光幕之上,畫面靜止在那間幽暗的密室。
原本嘈雜的人群此刻格外寂靜,只有偶爾傳來的吞咽口水的聲音。
畫面中哪裡還有什麼才子佳人比翼雙飛,分明是人間煉獄。
密室中,昏暗的燭火跳動著。
映照在男子扭曲猙獰的臉上。
他臉上溫潤的面具早已不翼而飛,死死掐著洛寧的脖子,另一隻手,從袖中掏出了一把泛著黑氣的剔骨刀。
「寧兒,別怕,很快的。」
刀刃揮動間,密室四周的牆壁上亮起血色符文。
「這是……邪修?」
圍觀人群中,有識貨的修士驚呼出聲,「這不是換靈陣麼?此陣一旦開啟,陣中之人會被吸乾一身精血修為,而布陣者則會獲得一切。這可是邪陣!」
洛寧沒有半分力氣,倒在地上,眼神驚恐萬狀:
「夫君……為什麼?」
「夫君?」
男子像是聽到了什麼笑話,猛地一腳踹在洛寧的小腹上。
砰一聲悶響,光幕外的人看了,都覺得肚子一抽。
洛寧整個人弓成了蝦米,在地上蜷縮。
「你這個賤人,還有臉喊我夫君?」
他蹲下身,死死抓住她的頭髮,迫使她仰起頭來,「我費盡心思娶你,給你那麼多資源,就是想為了讓你給我生個兒子!可你呢?」
他反手就是一巴掌。
「你肚子裡懷的是誰的野種?!」
光幕里的洛寧滿眼迷茫,她搖頭:
「自從遇到你,你我便從未分離片刻,我懷的還能是誰的孩……」
「還敢狡辯?」
男子冷笑。
「我林家世代火靈根,不論與誰在一起,生出來的孩子都會是火靈根,可你生出來的賤種,卻隨你,是冰靈根!你還說你沒偷人?」
寒潭邊,所有人都瞪大了眼睛。
這毒婦竟然還給林公子戴了綠帽子?
林家老嫗見狀,跳著腳尖叫:
「夠了!」
她臉色鐵青,胸膛劇烈起伏,猛的向前幾步,指著那光幕對馴獸堂堂主道:
「堂主,到現在事實已經如此清楚了,可以不用再放下去了吧?」
「是這賤人水性楊花在先!我兒雖然做得偏激了些,但根源難道不是這賤人的不貞不潔?!再看下去,也不過是髒了大家的眼。

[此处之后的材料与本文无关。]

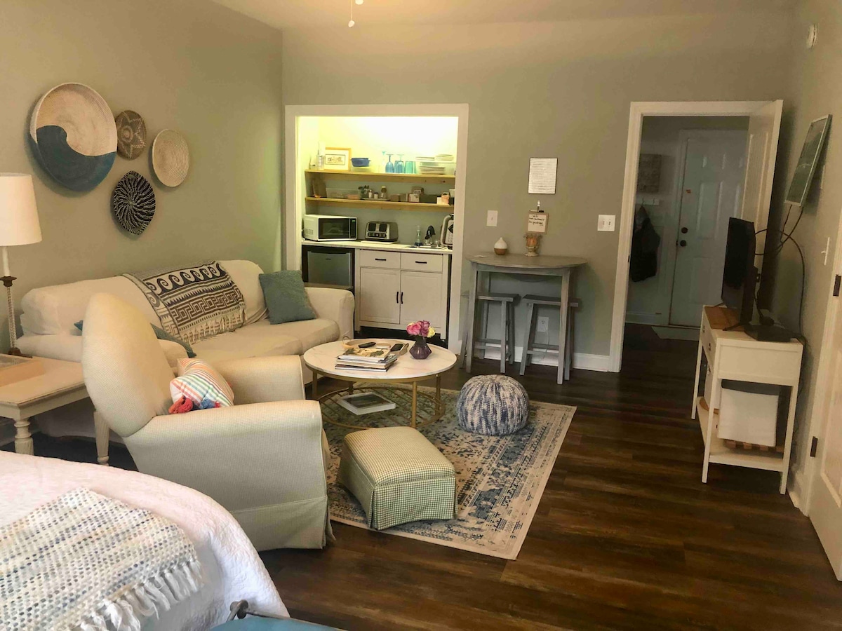 ऐतिहासिक जॉर्जटाउन, SC के बीचों - बीच मौजूद 200 साल पुरानी प्रॉपर्टी के इस आकर्षक 1 बेडरूम वाले गेस्ट कॉटेज में समय के साथ आगे बढ़ें। सुंदर गेट वाले आँगन में बगीचे के फव्वारे की शांतिपूर्ण आवाज़ सुनते हुए अपने मुफ़्त नाश्ते का आनंद लें... या समुद्र तट क्रूज़र पर शहर के चारों ओर सुबह की सवारी करें और मछली पकड़ने वाली नौकाओं को समुद्र में खींचते हुए देखें। खरीदारी, भोजन और इतिहास का स्वाद कोने के आसपास है। कृपया अपने अगले दिन को यादगार बनाने में हमारी मदद करें।
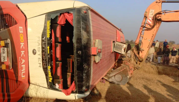 30க்கும் மேற்பட்டோர் பயணம் செய்த குறித்த பேருந்து, அட்டோக் மாவட்டத்தில் உள்ள நெடுஞ்சாலையில் சென்றுகொண்டிருந்தபோது, எதிர்பாராதவிதமாக வீதியோரம் கவிழ்ந்து விபத்துக்குள்ளானது.
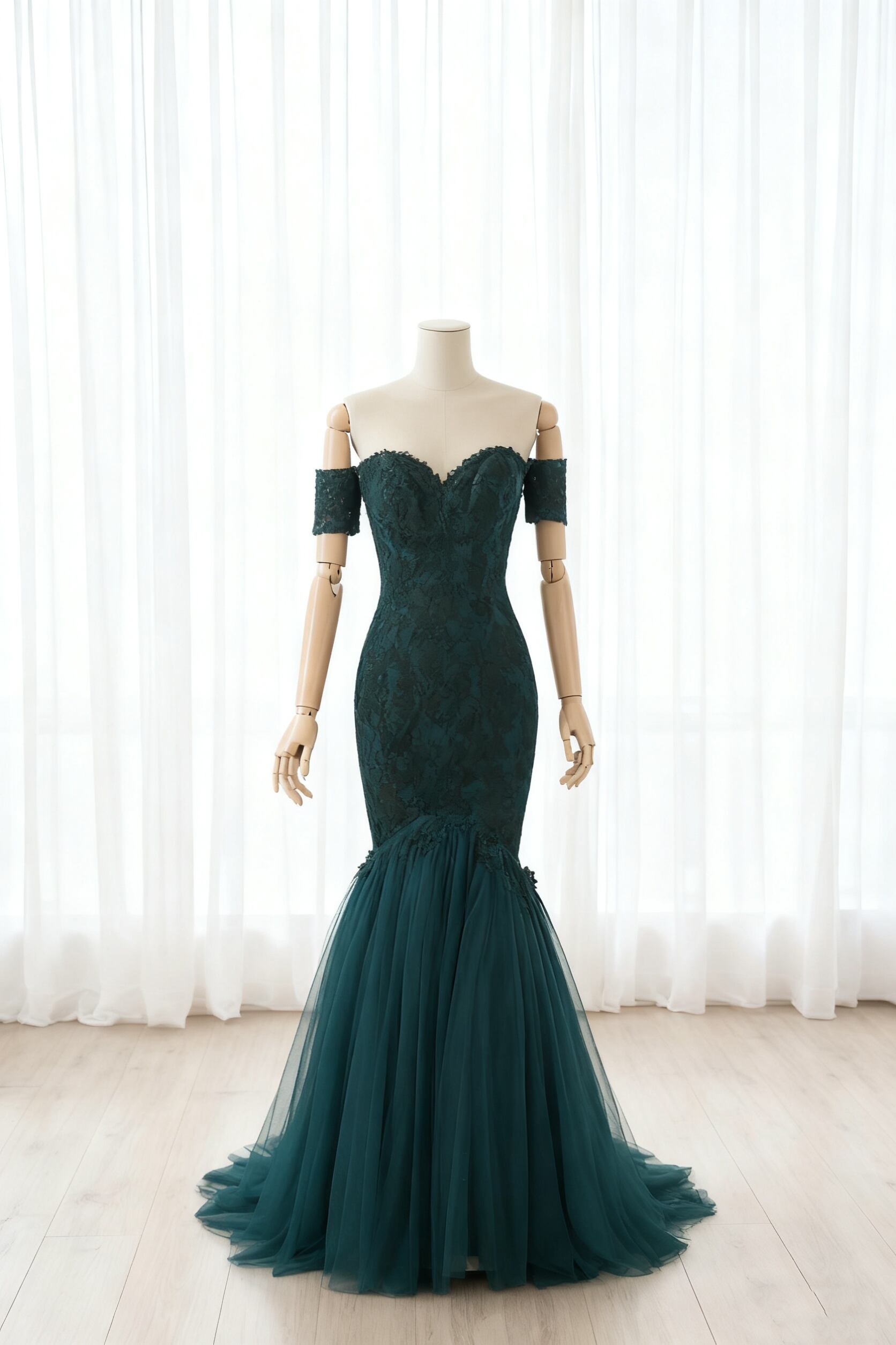 カラードレス マーメイドライン チュールスカート グリーン エレガント 繊細なレース 結婚式
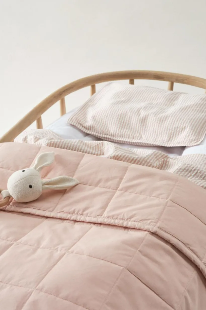 Vadderad babyfilt med yttertyg av bomull och fyllning av polyester. Det garnfärgade tyget är enfärgat och täcket är rutquiltat så att vadderingen fördelas jämnt. En söm runt om täcket ger fin kantning. Filten passar perfekt att ha både i barnvagnen och spjälsängen. Den är också mycket passande som lekmatta. Yttertygets gramvikt 120 g/m².
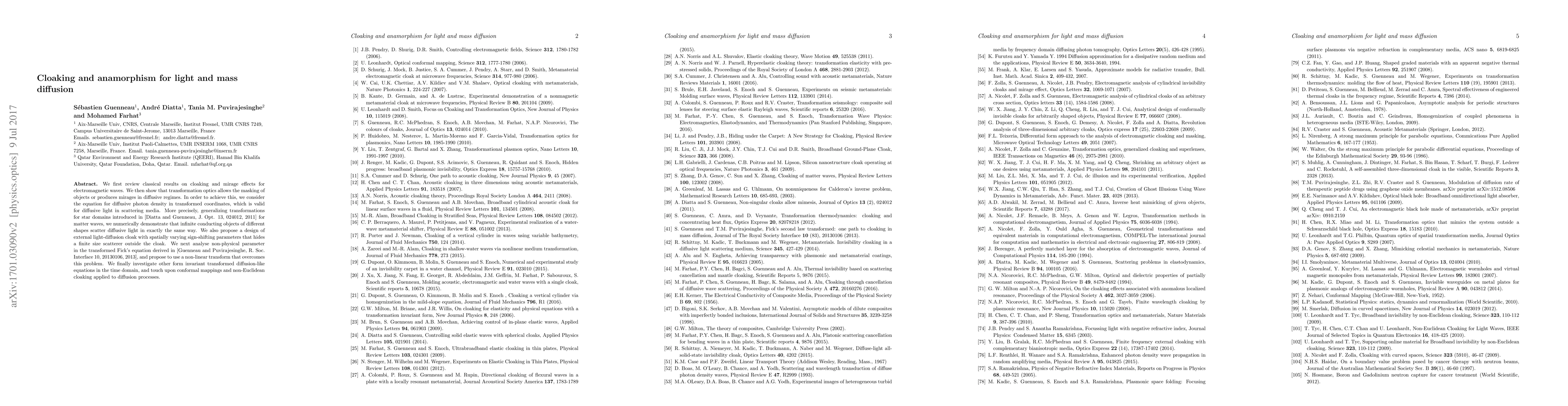 This paper reviews classical cloaking techniques and extends them to diffusive light and mass diffusion, demonstrating that transformation optics can mask objects or create mirages in scattering media. It proposes a design for an external light-diffusion cloak and discusses overcoming non-physical parameters in transformed diffusion equations using non-linear transforms.
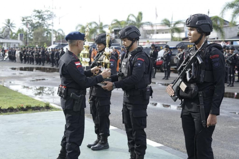 Dansatbrimob Polda Kalbar Berikan Penghargaan Kepada Personel Yang Berprestasi
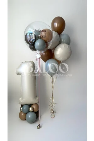 Набор гелиевых шаров с бежевой цифрой и большим шаром с надписью на годик №3144
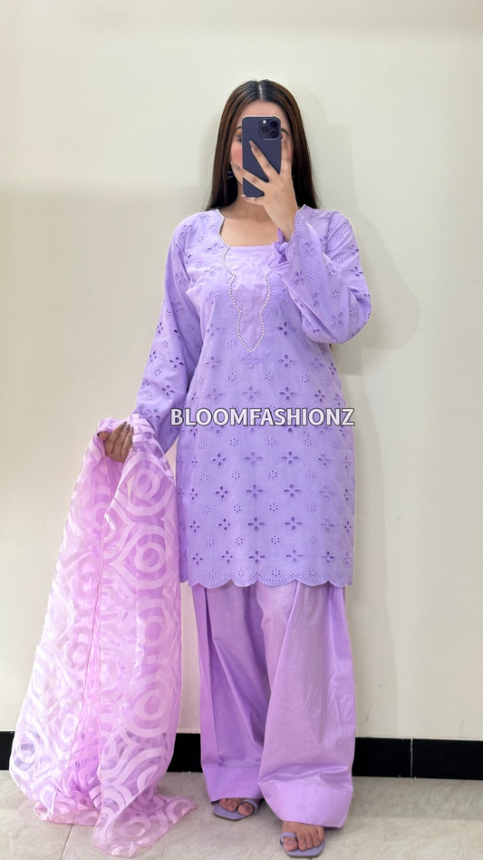 3 Piece Chikenkari Lawn Suit Lilac
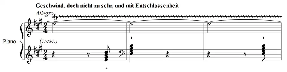 4. Geschwind, doch nicht zu sehr, und mit Entschlossenheit (Swiftly, but not overly, and with determination). Allegro
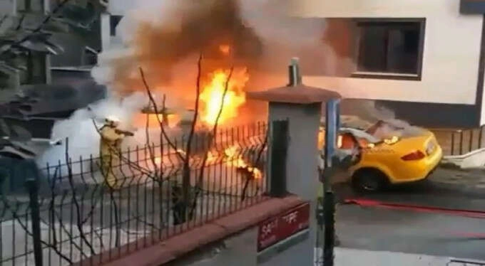Öte yandan alevlerin yükseldiği noktaya yakın olan bir evin camları ise fazla ısıya dayanamayarak patladı. Yaşanan olayda herhangi bir can kaybı yaşanmazken, araçlar kullanılamaz hale geldi. Yaşanan o korku dolu anlar vatandaşın cep telefonu kamerasına yansıdı.
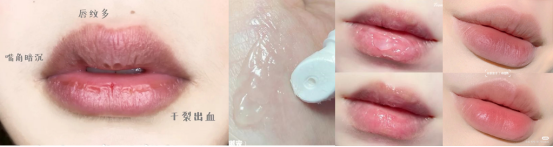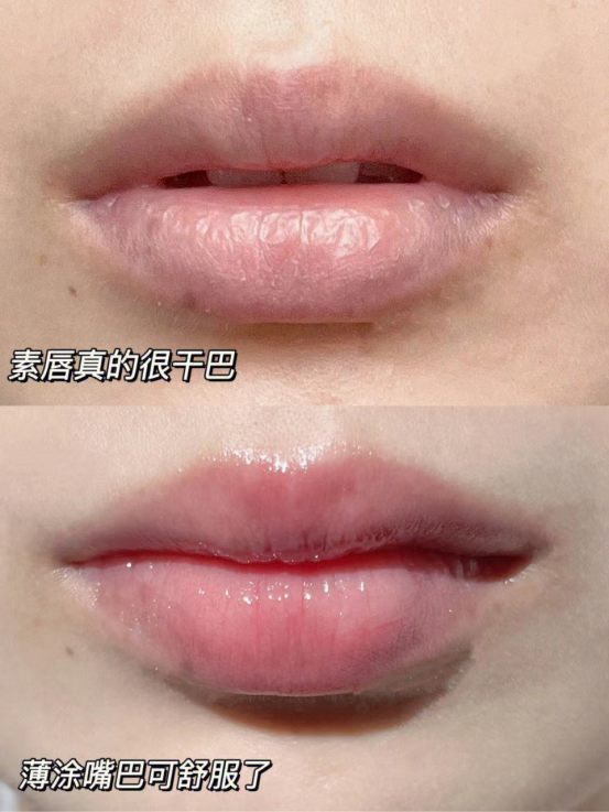 半透明啫喱质地,无色无味, 不闷不油不粘腻,上嘴舒适,很舒缓,滋养,不返干 零沾杯,上嘴快速形成保护膜,不需要经常补涂

事實俱在,還有什麼好看的!」
老太婆的聲音剛落下,一道冰冷凜冽的劍氣便破空到了她眉心三寸前。
劍氣凝而不發,讓周圍的溫度驟降。
老嫗頓時僵在原地,一動不敢動。
她順著靈力波動的方向看去。
紅衣女子身旁,小孩正面無表情地看著她:
「你急什麼?如此急切中斷回溯,是怕後面放出你林家見不得人的髒事嗎?」
老太婆冷汗直流,「我、我……」
祝九歌見狀,這才慢悠悠開口,對老嫗道:
「老太太,我這大徒弟沒別的愛好,就愛看熱鬧,不看完就會渾身難受。而且大家都花了錢,林家不會仗著有馴獸堂堂主撐腰,就昧著良心只讓大家看半段兒,欺負咱們老實人吧?」
老太婆被劍抵著額頭,嚇都要嚇死了,只求救般一個勁用眼神示意袁曜。
袁曜看著笑眯眯的祝九歌,嘴角一抽。
你們要是老實人,那這個世界還有老實人嗎?
他請問呢?
袁曜只當沒看見老嫗遞過來疑似抽筋的眼神,咳嗽一聲:
「繼續放!」
劍氣消散。
老太婆腿一軟,被身後人扶住,面如死灰。
光幕中,洛寧瞳孔驟縮,似乎意識到什麼,她開始發顫:
「孩……孩子呢?你把她弄哪去了?」
「扔了。」男子輕描淡寫地,邪笑,「扔進了後山的暗河裡。那河水冰冷刺骨,還有不少食生肉的魚類,嘖嘖嘖,估計這會兒,連骨頭渣子都不剩了。」
「……」
洛寧看著他,意識到他並非玩笑時。
一聲悽厲至極的慘叫,穿透了光幕,刺得在場所有人耳膜生疼。
「林諫!我要殺了你!我要殺了你!!」
洛寧瘋了。
她不顧一切想要衝上去,卻因藥力未散,再次跌倒在地。
姓林的輕蔑地踩住她的手背,狠狠碾壓:
「這藥可是我特地為你研製的,想殺我,你也配!」
他雙手結印,地上的血色陣法紅光大盛。
「你的純陰之體,可是大補之物。」
「只要把你吸乾,我便能直接突破大乘!到時候,什麼樣的女人沒有?能成為本少爺大道上的墊腳石,是你幾輩子修來的福分!」
他拍了拍洛寧絕望的臉,笑得殘忍:
「寧兒,別怪我。要怪就怪你命不好,偏偏是純陰之體,又偏偏……不守婦道!」
寒潭周圍,剛才還罵得起勁的眾人,此刻看到這一幕,像一群被掐緊了脖子的鴨子,半點聲音發不出。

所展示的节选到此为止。